Input records

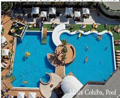
Melia Cohiba, Pool

*****Hotel Melia Cohiba te Havanna (logies & ontbijt)
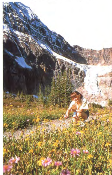
▲ジャスパー ハイキングや釣りといった、アウトドアライフを楽しむのに最適な街。ジャスパー国立公園の中にあり、カナディアンロッキー観光第2の拠点。
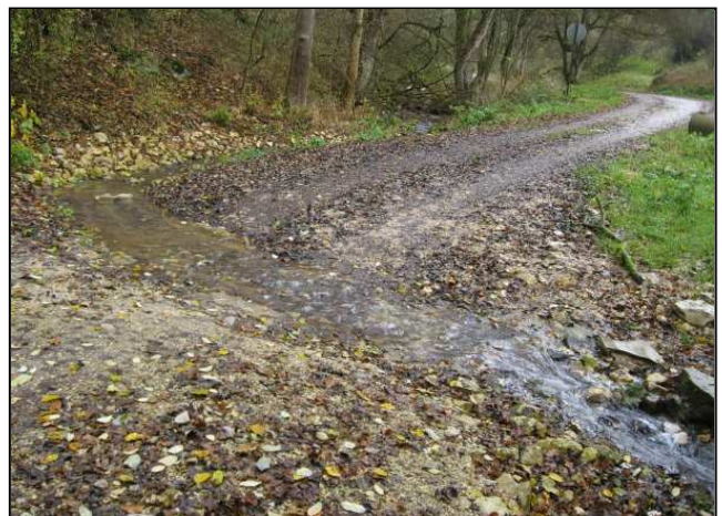
Zustand nach der Maßnahmenumsetzung: Furt unmittelbar nach der Umsetzung (links) und sechs Monate danach (rechts)
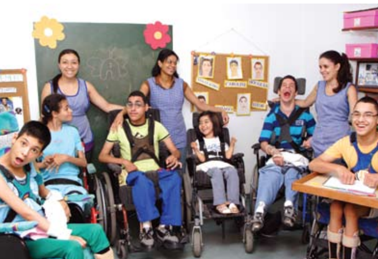
Alunos recebem alfabetização e acompanhamento personalizado
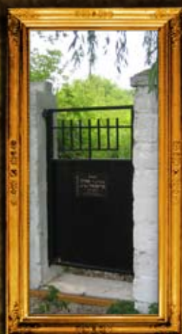
ז'יטומיר: דרך חדשה לאוהל
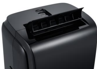
Luftauslass und Fernbedienungsablage

Required work
Every line of the material must be returned verbatim, and pictures must be left behind.

Your solution
Melia Cohiba, Pool

*****Hotel Melia Cohiba te Havanna (logies & ontbijt)
▲ジャスパー ハイキングや釣りといった、アウトドアライフを楽しむのに最適な街。ジャスパー国立公園の中にあり、カナディアンロッキー観光第2の拠点。
Zustand nach der Maßnahmenumsetzung: Furt unmittelbar nach der Umsetzung (links) und sechs Monate danach (rechts)
Alunos recebem alfabetização e acompanhamento personalizado
ז'יטומיר: דרך חדשה לאוהל
Luftauslass und Fernbedienungsablage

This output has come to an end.